Impossível ler Clarice impassível. É que ela lida com a matéria prima, com o que

está atrás do pensamento, com aquilo lá que tentamos esconder. Precisamos

olhar e não ver, mas aí ela vem e escancara

claricemamente: “Tem uma passagem estreita dentro de mim, tão estreita que

suas paredes me lanham toda, mas essa passagem desemboca na largura de

Deus. Nem sempre tenho força para atravessar esse deserto sangrento, mesmo
sabendo que se me forçar a me doer todo entre as paredes, mesmo sabendo que

desembocarei para a luz aberta de um dia trêmulo de sol macio.” (Um Sopro de

Vida). Ler Clarice é um rito de passagem, uma forma de vir-a-ser.

O conto “Búfalo” do livro ‘Laços de Família’ revela um pouco dessa crueldade

necessária ao conhecimento do que é humano, demasiado humano. Artaud dizia

que só através da crueldade a criação e a vida são possíveis. É o que vamos

poder viver ao ler.

Um narrador onisciente nos apresenta toda a história e todos os sentimentos e

todas as reflexões da personagem. As falas acontecem mescladas à narração, na

terceira pessoa do singular.

O conto começa por uma conjunção adversativa, que já nos remete ao espaço

de uma dúvida. Um 'mas' inicia a história, e já não sabemos onde, porque e como

tudo começou, tudo já começado. Esse espaço de estranhamento e

indeterminação é reiterado: a mesma conjunção é usada mais três vezes nos três

parágrafos iniciais.
“Onde aprender a odiar para não morrer de amor?”(pg 163). A luta entre Eros

e Thanatos, amor e ódio, vida e morte pulsa durante todo o tempo do conto. O

tempo impossível do conto: onde encontrar ódio em plena primavera? Na

primavera onde as “bestas...se cristianizam em patas que arranham mas não

dói”(pg 163). O espaço do conto é muito conhecido pela autora, e ela mesma diz

a gênese desse conto na segunda parte de A Legião Estrangeira(1964)
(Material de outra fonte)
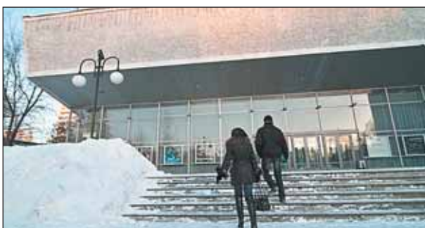
У этого крыльца и произошла потасовка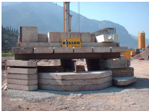
▲ Esecuzione prova di carico di collaudo

Opere di fondazione realizzate con colonne di ghiaia vibro compattate cementate (CGVC)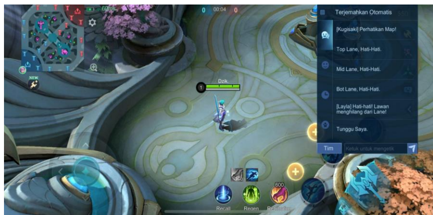
Gambar 2. 18 Non verbal communication

Komunikasi non-verbal dalam game online Mobile Legends terjadi melalui pesan singkat atau quick chat, yang berupa simbol atau tanda yang telah disepakati oleh para pemain game online Mobile Legends. Pesan ini ditujukan untuk memberikan informasi tentang situasi pertandingan yang terjadi di sekitar minimap. Ada beberapa contohnya yaitu: simbol retreat atau initiate retreat yang mengisyaratkan untuk mundur, request backup yang mengisyaratkan untuk meminta bantuan, launch attack yang mengisyaratkan pemain untuk menyerang dan masih banyak lainnya.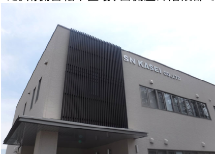
北側：化粧ルーバー

前面道路から事務所まで距離がある為、来客者からも視認しやすい化粧ルーバーを採用し、外観にアクセントを加えました。南側自転車置場、西側屋外階段部では、通路を幅広く活用しやすいよう利用者目線で設計しております。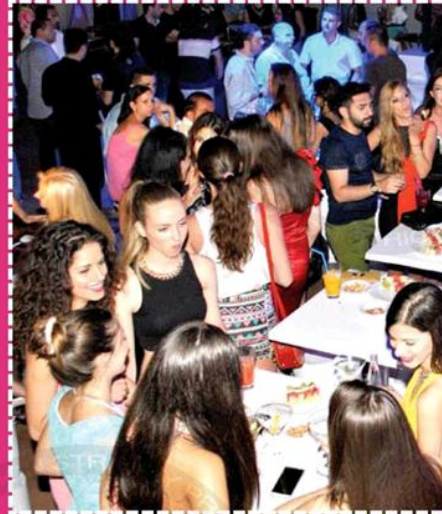
YARIŞMA ÖNCESİ EĞLENEREK MORAL Yarışması'na 29 farklı ülkeden katılan mankenler yarışma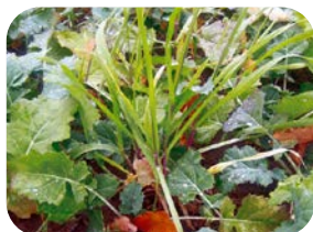
samosiewy zbóż przed zabiegiem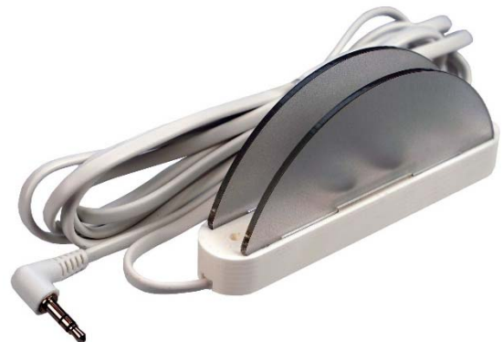
Sensor med tilhørende borrelåstape og spritserviett.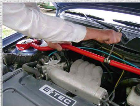
5. Отрегулировать ширину усилителя жесткости с помощью регулировочной шпильки до тех пор пока отверстия на правом кольце не совпадут со шпильками на правой стойке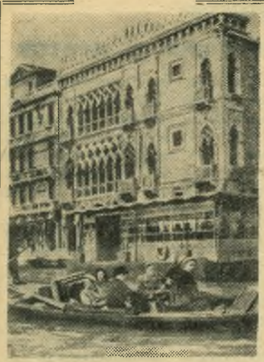
Италия. Группа советских туристов совершает прогулку на гондолах по каналам Венеции.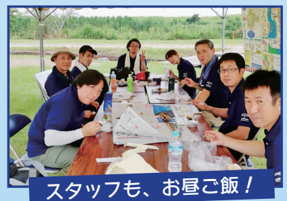
スタッフも、お昼ご飯！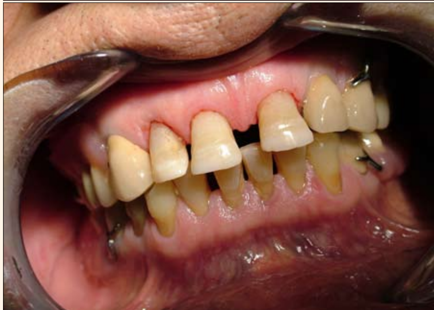
Caries en la región cervical de la zona frontal.

Como no se requiere anestesia, muchos de los tratamientos de caries pueden finalizarse en el tiempo que tradicionalmente tomaba el proceso de anestesiarse al paciente. Actualmente las potencias disponibles son también el doble de lo que originalmente se ofrecía, aumentando así también su rendimiento.

intitulada “Fundo de Gaveta”: “ 'O Búfalo' me lembra muito vagamente um rosto

que vi numa mulher ou em várias, ou em homens, em uma das mil visitas que fiz a
jardins zoológicos. Nessa, um tigre olhou para mim, eu olhei para ele, ele

sustentou o olhar, eu não, e vim embora até hoje. O conto nada tem a ver com

tudo isso, foi escrito e deixado de lado. Um dia reli-o e senti um choque de mal-

estar e horror”1. Numa carta escrita de Washington, em 1956, Clarice diz: “ Um

dia desses tive um ódio muito forte, que eu nunca me permiti; era mais uma

necessidade de ódio. Então escrevi um conto chamado “O Búfalo”, tão, tão forte,

que por experiência fui ler para Mafalda, Arnaldo Pires..., eles sentiram até um

mal estar. O rapaz disse que o conto todo parece feito de entranhas...”2. Assim, já

não sabemos se o autor é o narrador ou a personagem, ou se é todos. O sujeito

se perde e se multiplica na escritura.

Esse conto é uma descida aos infernos, sete círculos mais um, cada círculo

representado por um animal. O oitavo passageiro, alienígena e tão conhecido, é a

própria treva encarnada, o chifrudo, o coisa-ruim, o ódio ébano em olhos carmim,

que a mulher foi buscar. A mulher, Orfeu outro, não desce para buscar o amor,

mas para matá-lo. E descobre que matar o amor-em-si é mesmo morrer.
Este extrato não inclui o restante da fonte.